Stat 202: Lecture 9 (covers pp. 118-123)

Nathan VanHoudnos
10/13/2014

Agenda

  1. Homework comments
  2. Checkpoint #10 results
  3. Lecture 9 (covers pp. 118-123)

Homework comments

Agenda

  1. Homework comments
  2. Checkpoint #10 results
  3. Lecture 9 (covers pp. 118-123)

Checkpoint #10 results

to fill in

Checkpoint #10 Question 5

Dogs are inbred for such desirable characteristics as blue eye color; but an unfortunate by-product of such inbreeding can be the emergence of characteristics such as deafness. A 1992 study of Dalmatians (by Strain and others, as reported in The Dalmatians Dilemma) found the following:

(i) 31% of all Dalmatians have blue eyes.
(ii) 38% of all Dalmatians are deaf.
(iii) 42% of blue-eyed Dalmatians are deaf.

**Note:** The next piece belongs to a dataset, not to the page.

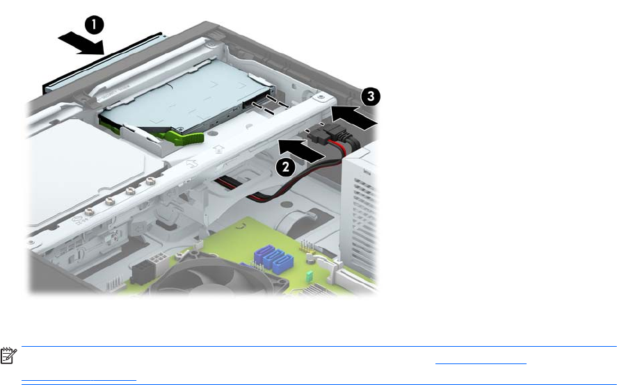 9. Iebīdiet optisko diskdzini caur korpusa priekšpusi līdz galam nodalījumā tā, lai tas fiksējas vietā (1), un

Based on the results of this study is “having blue eyes” independent of “being deaf”?

Checkpoint #10 Question 5

Write this out:

(i) 31% of all Dalmatians have blue eyes.
\[ P(B) = .31 \]

(ii) 38% of all Dalmatians are deaf.
\[ P(D) = .38 \]

(iii) 42% of blue-eyed Dalmatians are deaf.
\[ P(D|B) \text{ or } P(B|D) \]

\[ P(D|B) = .42 \]

Checkpoint #10 Question 5

\[ \begin{aligned} P(B) & = .31 & P(D) & = .38 \\ P(D|B) & = .42 \ \end{aligned} \]

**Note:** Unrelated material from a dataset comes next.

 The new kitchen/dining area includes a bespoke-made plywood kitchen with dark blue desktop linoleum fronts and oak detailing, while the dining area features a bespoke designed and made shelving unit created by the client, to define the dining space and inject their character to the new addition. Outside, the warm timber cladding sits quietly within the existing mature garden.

Based on the results of this study is “having blue eyes” independent of “being deaf”?

  • a) No, since .31 * .38 is not equal to .42.
  • b) No, since .38 is not equal to .42.
  • c) No, since .31 is not equal to .42.

Write out the symbols…

Checkpoint #10 Question 5

\[ \begin{aligned} P(B) & = .31 & P(D) & = .38 \\ P(D|B) & = .42 \ \end{aligned} \]

Based on the results of this study is “having blue eyes” independent of “being deaf”?

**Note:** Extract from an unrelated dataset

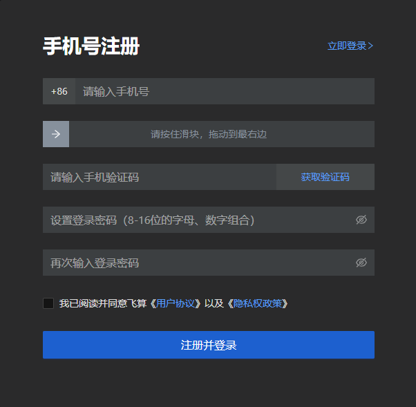 说明: 登录密码的规则为8-16位的数字和字母组合,在注册前需阅读飞算《用户协议》和《隐私权政策》,阅读完后勾选即可。

  • a) No, since \( P(B)P(D) \) is not equal to \( P(D|B) \).
  • b) No, since \( P(D) \) is not equal to \( P(D|B) \).
  • c) No, since \( P(B) \) is not equal to \( P(D|B) \).

Checkpoint #10 Question 5

\[ \begin{aligned} P(B) & = .31 & P(D) & = .38 \\ P(D|B) & = .42 \ \end{aligned} \]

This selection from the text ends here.